Brief> Leave the images aside and copy out the whole listing, exact to the word.

Supplied material>
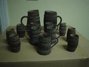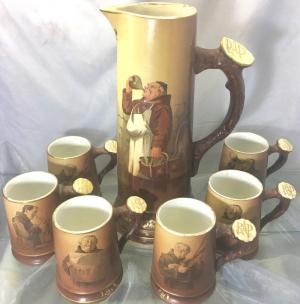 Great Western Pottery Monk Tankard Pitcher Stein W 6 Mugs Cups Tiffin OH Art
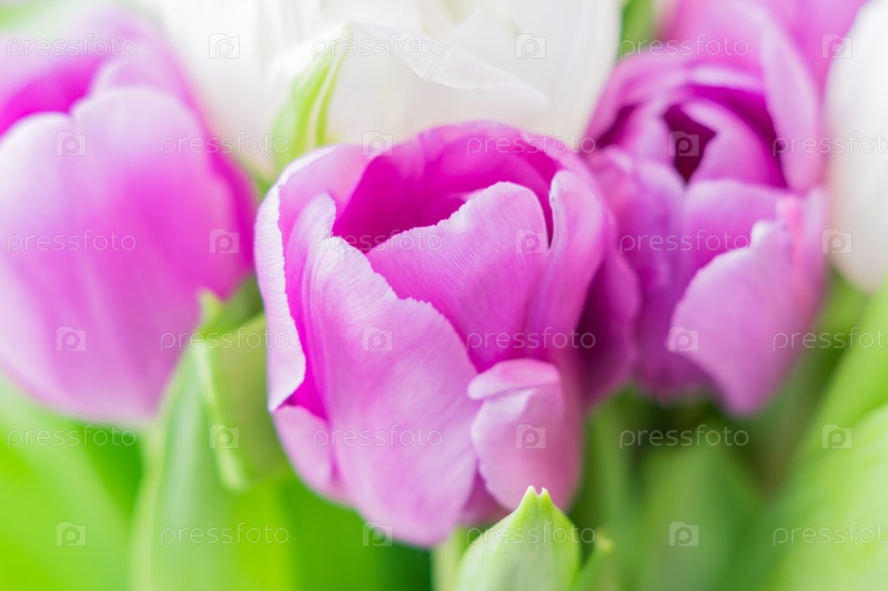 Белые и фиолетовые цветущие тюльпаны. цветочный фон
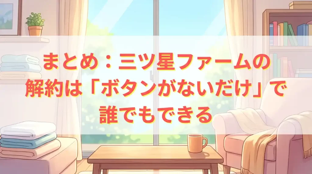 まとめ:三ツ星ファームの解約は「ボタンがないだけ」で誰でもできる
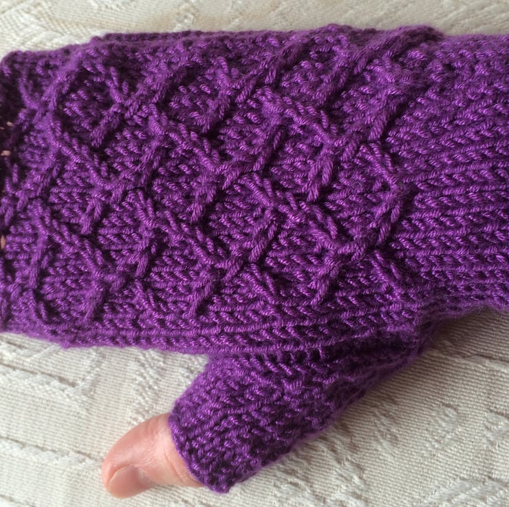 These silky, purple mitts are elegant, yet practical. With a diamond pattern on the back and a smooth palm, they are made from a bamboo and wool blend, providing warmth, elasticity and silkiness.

Solution to this problem>
 Great Western Pottery Monk Tankard Pitcher Stein W 6 Mugs Cups Tiffin OH Art
 Белые и фиолетовые цветущие тюльпаны. цветочный фон
 まとめ:三ツ星ファームの解約は「ボタンがないだけ」で誰でもできる
 These silky, purple mitts are elegant, yet practical. With a diamond pattern on the back and a smooth palm, they are made from a bamboo and wool blend, providing warmth, elasticity and silkiness.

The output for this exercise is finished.